Goulding described recording "Destiny" as a cathartic experience that made her feel "so much better". She explained that the track marked her first sense of "straight-up escape", adding that its tone conveys "surrender" and acceptance, which reflects the idea of letting events unfold naturally—an outlook that ultimately informed the song's title. The cover artwork of the song features a side profile of Goulding with her head draped in a veil and the word "Destiny" written in a gothic font.

==Music==

"Destiny" is a pop and soft rock song. Co-written by Goulding, Jack Rochon, Livvi Franc and Kurtis Wells with the latter serving as the song's producer, it is built on layered harmonies, a distinctive guitar tone, and clean drum patterns, which incorporates subtle electronic elements while moving away from Goulding's traditionally upbeat pop sound toward a restrained pop rock approach.

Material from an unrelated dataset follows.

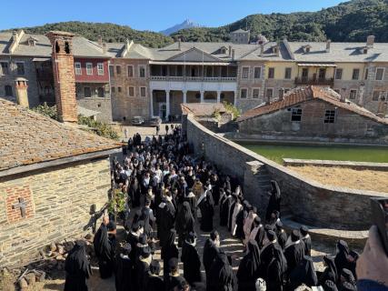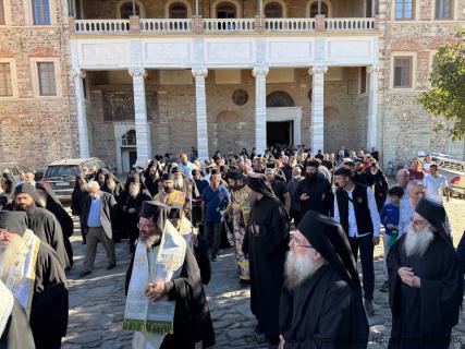 Περί ώρα 8.00 οι ως άνω Σεβ. Αρχιερείς και ο Ηγούμενος της Μονής Αρχιμ. Ναθαναήλ με σύσσωμη την Ιβηριτική Αδελφότητα υποδέχθηκαν το σεπτό σκήνωμα του Γέροντος στα προπύλαια της Μονής, το οποίο συνόδευε ο Σεβ. Μητροπολίτης Φιλαδελφείας κ. Μελίτων, και το εναπόθεσαν στο κέντρο του Καθολικού, όπου αναγνώσθηκε το ειθισμένο Τρισάγιο.

According to Goulding, "Destiny" reflects an intense but non-romantic chemistry which provids catharsis and personal freedom, and it marks a shift in how she viewed self-love and connection. She added that the song's sound was intended to convey the recklessness and empowerment associated with embracing her sexuality and the chaos in her life.

==Release and promotion==
In November 2025, Goulding announced her new single "Destiny". It marked her first solo release in two years following a series of collaborations, including "Save My Love" with Marshmello and Avaion earlier that year. Prior to the announcement, Goulding shared a teaser image of herself wearing a dark red leather trench coat and a veil, with her hands raised near her neck.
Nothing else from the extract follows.